Definitely does NOT run on dual RTX PRO 6000 96GB
I can confirm the model won't load on a dual RTX PRO 60000 rig. Which is a real bummer. I'm still hoping for an actual 'Air' model that will fit on my setup. GLM 4.5 Air is a kickass model but 4.6 is a more competent coder. I'm able to load the GLM 4.6 Q2 quant but it's not great. Thanks for posting this one though. I was hopeful, but failed to run it.
Huh? I can run this in 4.25bpw.. was like 128gb. Are you loading full context? I have half your vram. On your system should be able to do bnb-4bit from these weights themselves.

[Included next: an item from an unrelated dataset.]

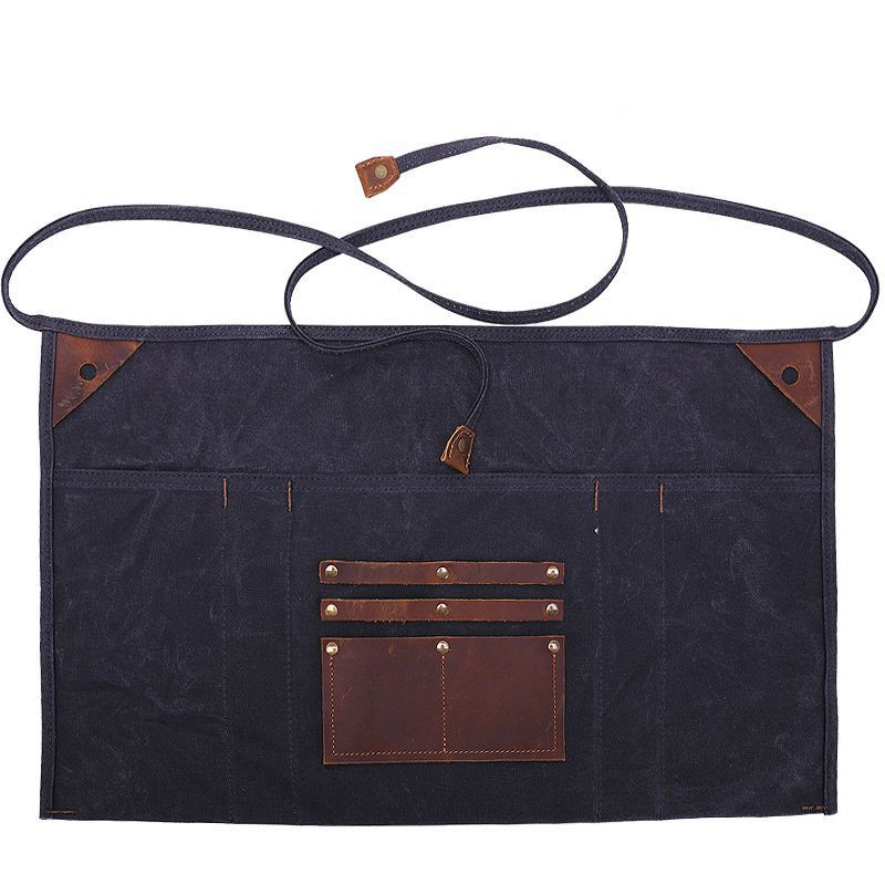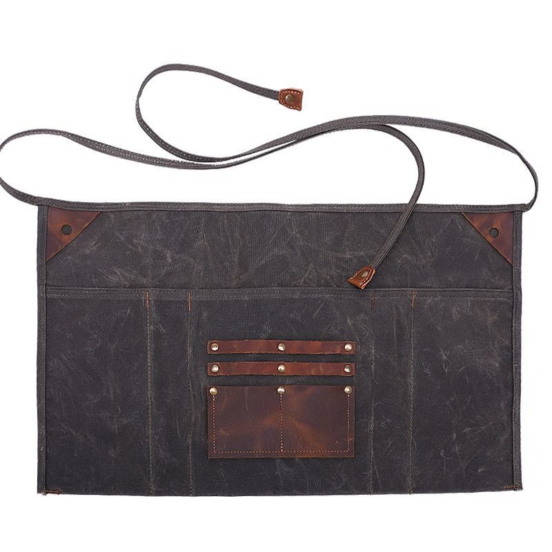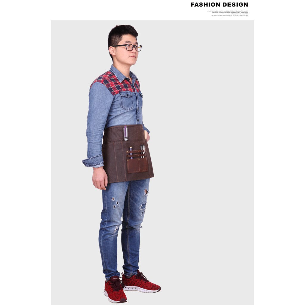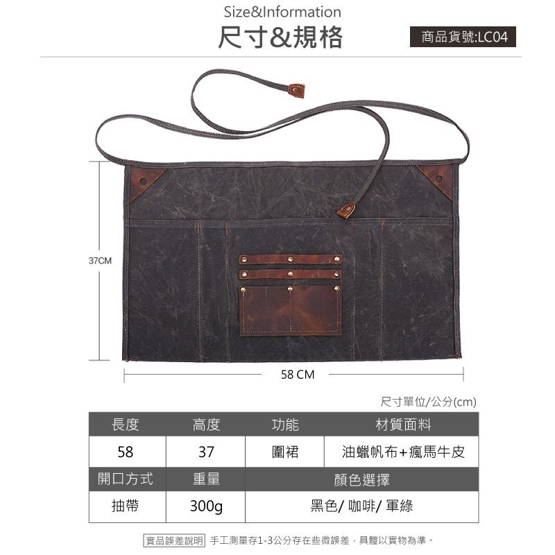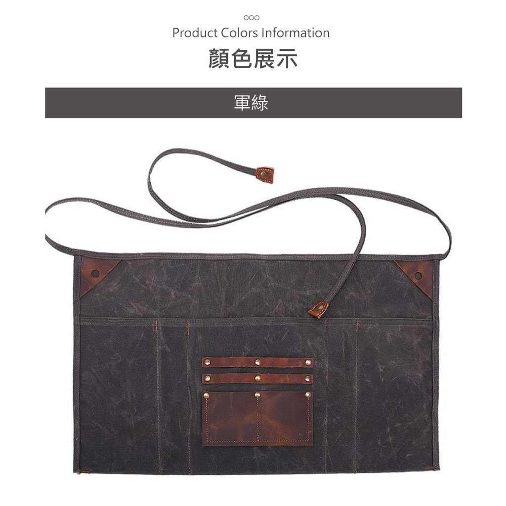 【喜番屋】油蠟帆布配瘋馬牛皮窄版工作圍裙【LC04】

The context I tried was 128K which is really the bare minimum, as it fills up very quickly when coding, plus the "compact" takes far too long when it gets anywhere near ~70k. Also anything above ~70k context and things get extremely slow. It's always a struggle between losing context, running out of room, or running into a performance wall. I was able to run the cerebras 4.5, using bits and bytes. I posted about it here:
https://huggingface.co/cerebras/GLM-4.5-Air-REAP-82B-A12B/discussions/11
With full ctx, it barely fits.
Yea.. I mean that's air. Different class of model. With this much context you're stuck with GGUF/EXL3/AWQ and harder quantizations. Bare minimum for me is 32k. Attention over 128k is poor anyway, imo. You're using VLM so you can halve the cache to FP8, could work for you.